Plaintiff in the opposition again argues that the complaint alleges specific facts regarding the misrepresentation, but does not point to where such facts appear in the pleading. Plaintiff refers in the opposition to misrepresentation in the singular. If there is only one actionable misrepresentation at issue, this should be clarified in the amended pleading. In other words, there must be clear allegations as to each separate misrepresentation instead of “catch all” generic allegations as to all misrepresentations in the argument.
The demurrer is sustained with one opportunity to amend.
RULING:
There is no meet and confer declaration submitted with this demurrer, as required under CCP § 430.41. The parties are ordered to engage in the required meet and confer before the matter will be called for hearing. Defendant is ordered to prepare the required declaration and file it on eCourt before the matter will be called for hearing.
The Court in its discretion reluctantly has considered the untimely opposition to the motion, filed four court days late, five court days prior to the hearing, after the court evaluated the motion had as unopposed, and on the date timely reply would have been due. The Court will hear argument from defendant concerning whether defendant would like an opportunity to file further reply, given the tentative ruling. Plaintiff is cautioned that in the future the Court may refuse to consider pleadings not filed in conformity with the statutes, rules and procedures governing this litigation.
Demurrer to Complaint is SUSTAINED WITH LEAVE TO AMEND to the first cause of action for breach of contract on the grounds each element of the cause of action is not clearly alleged, including plaintiff’s performance, and a breach causing damages, and because it cannot be ascertained from the pleading whether the contract is written, oral or implied by conduct. On amendment, that nature of the contract should be more clearly specified, along with the nature of each essential term, and if the contract is written, a copy of the contract must be attached, or its terms set forth verbatim. On amendment, plaintiff must correct any typographical errors, such as reference to the sum “$17.000.00,” and should delete the duplicative First Cause of Action—Breach of Contract from the end of the pleading.

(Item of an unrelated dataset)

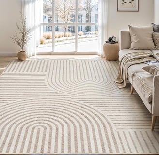 Area rugs in cream, beige, or light grey instantly brighten a room and give it a soft, high-end look. Look for patterns that are subtle and textures that feel cozy but clean.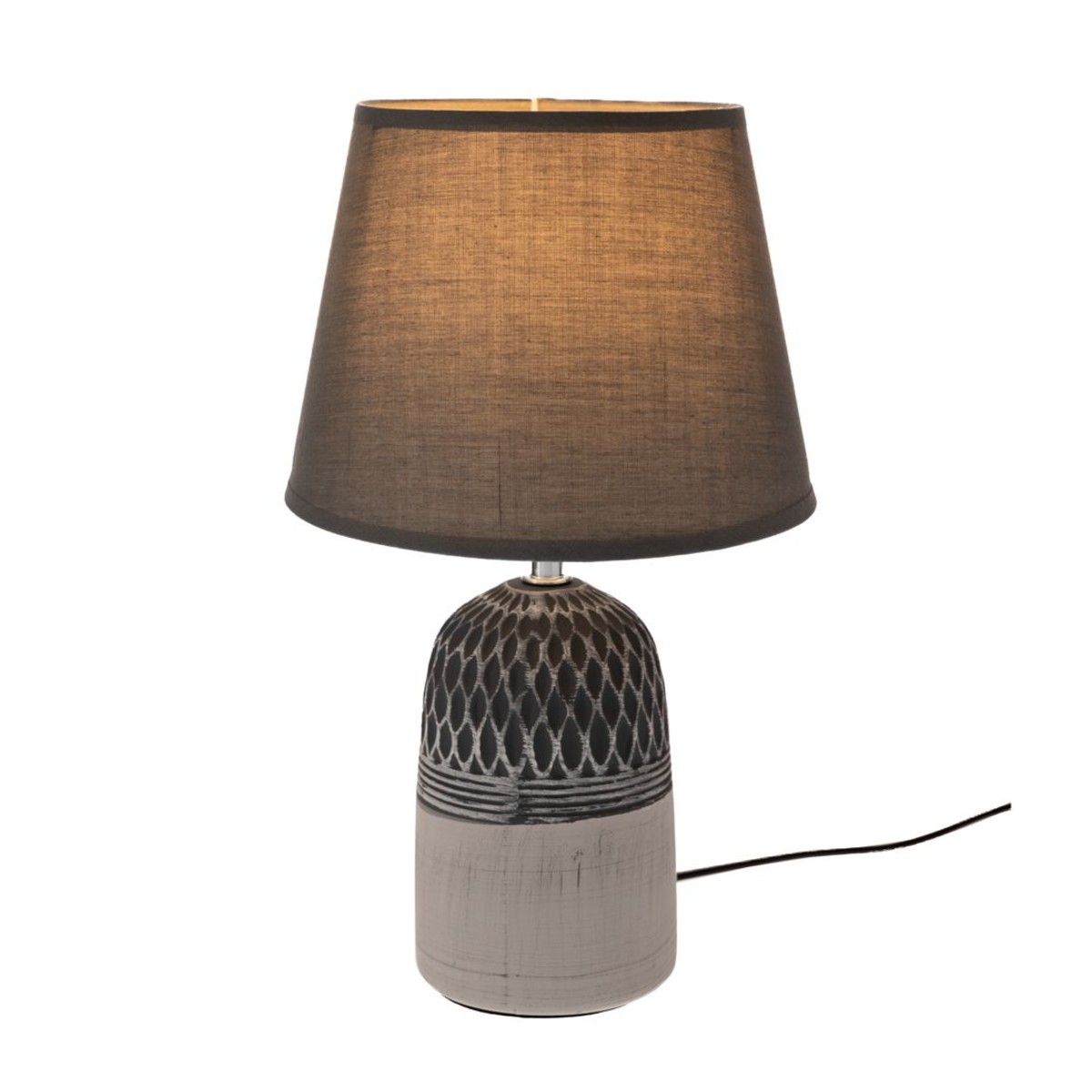 Το δίχρωμο γκρι κεραμικό λαμπατέρ Iliadis ξεχωρίζει για τη διακοσμητική βάση του, που συνδυάζει διαφορετική υφή και μοτίβο, δίνοντας χαρακτήρα στον χώρο χωρίς υπερβολές. Το γκρι καπέλο “μαλακώνει” το φως και δημιουργεί ατμόσφαιρα, ιδανική για χαλάρωση.

Demurrer is SUSTAINED WITH LEAVE TO AMEND to the second cause of action for misrepresentation on the grounds each element of the cause of action is not clearly alleged and the cause of action is not alleged with sufficient specificity. See Stansfield v. Starkey (1990) 220 Cal.App.3d 59, 73 (plaintiff must allege specifically how, what, where, to whom and by what means a defendant made a misrepresentation). Such details must be provided for each misrepresentation. If there is only one misrepresentation, this should appear clearly in the amended pleading.
Thirty days leave to amend.
The parties are ordered to meet and confer in full compliance with CCP § 430.41 before any further demurrer may be filed.